As another result of the budget dispute, the state's schools also will lose their share of a $400-million supplemental appropriation that many districts said they had been counting on.

"We really feel betrayed," said Nancy Mahr, a spokeswoman for the Peninsula district. "The needs of education lost out to all the political shenanigans, and now we're back to Square One in trying to plan our programs for next year."

$400-Million Surplus

She said the Peninsula district's tentative budget submitted to the county last month included money from the $400 million in surplus funds that Gov. George Deukmejian had approved.

In the struggle in Sacramento over what to do with the other $700 million--return it to taxpayers or give it to public education--the whole $1.1 billion fell through a crack in the new state budget, and apparently the schools will get none of it.

To the Torrance and Palos Verdes districts, another blow was the defeat of a bill sponsored by the Peninsula district and carried by Assemblyman Gerald N. Felando (R-San Pedro). It would have provided $13 million in extra state aid for unified school districts, including the Peninsula and Torrance systems, that have top-heavy enrollments of high school students.

Extra Funding

Proponents argued that educating high school students costs more than those in elementary grades and so districts with higher percentages of upper-level students should receive extra funding.

Eighty districts statewide that have 2% more high school students than a statewide average for unified systems would have benefited from the Felando bill.

Felando said the defeat of his bill and many other Republican-authored measures came in retaliation for GOP insistence on returning the $700 million to taxpayers, instead of turning it over to public education as the Democratic majority wanted.

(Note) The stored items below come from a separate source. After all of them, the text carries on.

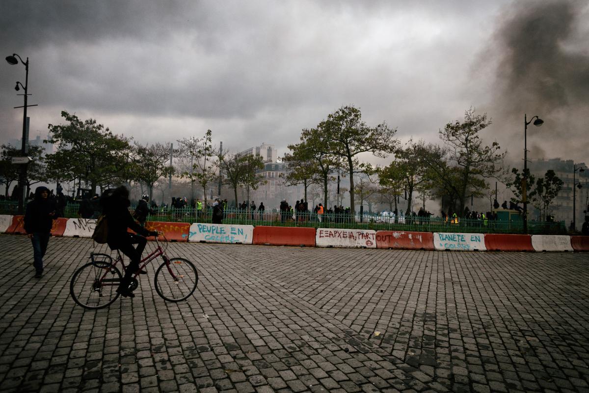 Tags, smoke and tear gas in Place d'Italie, Paris, november 16 2019.
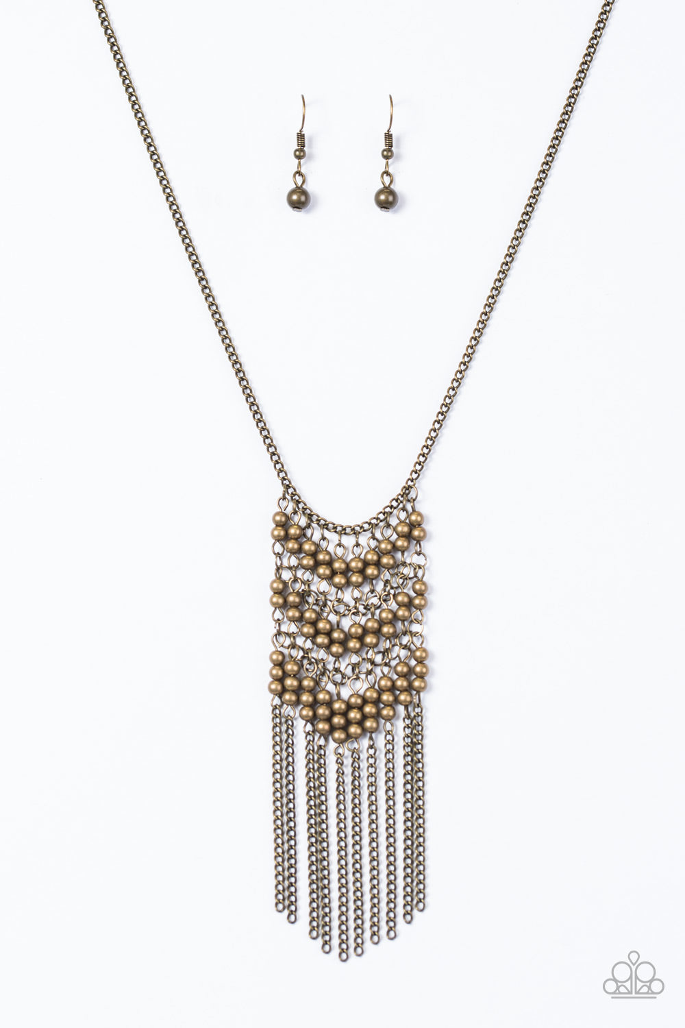Threaded along metallic rods, dainty brass beads link together, creating a dramatic mesh pendant. Brushed in an antiqued shimmer, brass chains stream from the bottom of the edgy pendant for a bold industrial finish. Features an adjustable clasp closure.
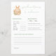 Este diseño de baby shower presenta un pequeño conejito sonriente envuelto en una textura suave de punto, rodeado de flores delicadas. La ilustración de acuarela utiliza flores pastel y vegetación sutil, lo que da al diseño una apariencia suave adecuada para baby showers de primavera y Pascua.
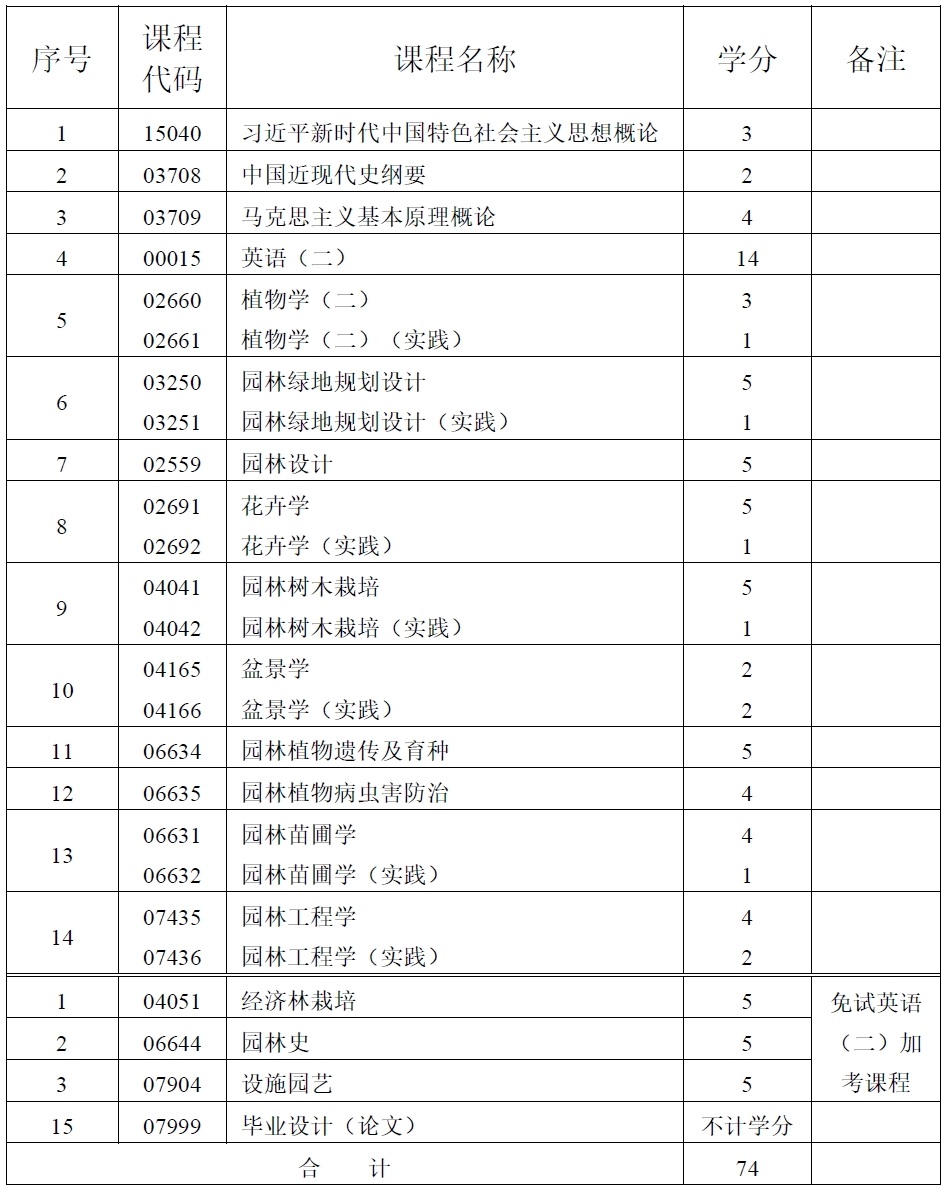 2025年4月重慶自考本科園林專業(yè)計(jì)劃

Within a few hours in the hectic days preceding passage of the budget Wednesday, Felando said, the Assembly Ways and Means Committee approved 115 Democratic bills while accepting only 21 measures written by Republicans.

"All or Nothing"

"It's sickening," he said. "I was willing to go along with a compromise that would have given $400 million to the schools and for toxics and AIDS programs, but the other side wanted it all or nothing."

Deukmejian is expected to use his line-item veto authority to trim the budget to conform with revenue projections, with some of those cuts further reducing funds appropriated for education. A months-long fight is expected over what to do with the $1.1-billion surplus.

Mahr said she felt the schools were caught in the cross fire between Deukmejian and state Supt. of Public Instruction Bill Honig, who had insisted that the schools need the $700-million portion of the surplus more than the taxpayers do. She said the highly publicized argument between the two state officials tended to polarize the issue of school funding, leaving little room for compromise.

She said the district would try again next year to win passage for the Felando bill.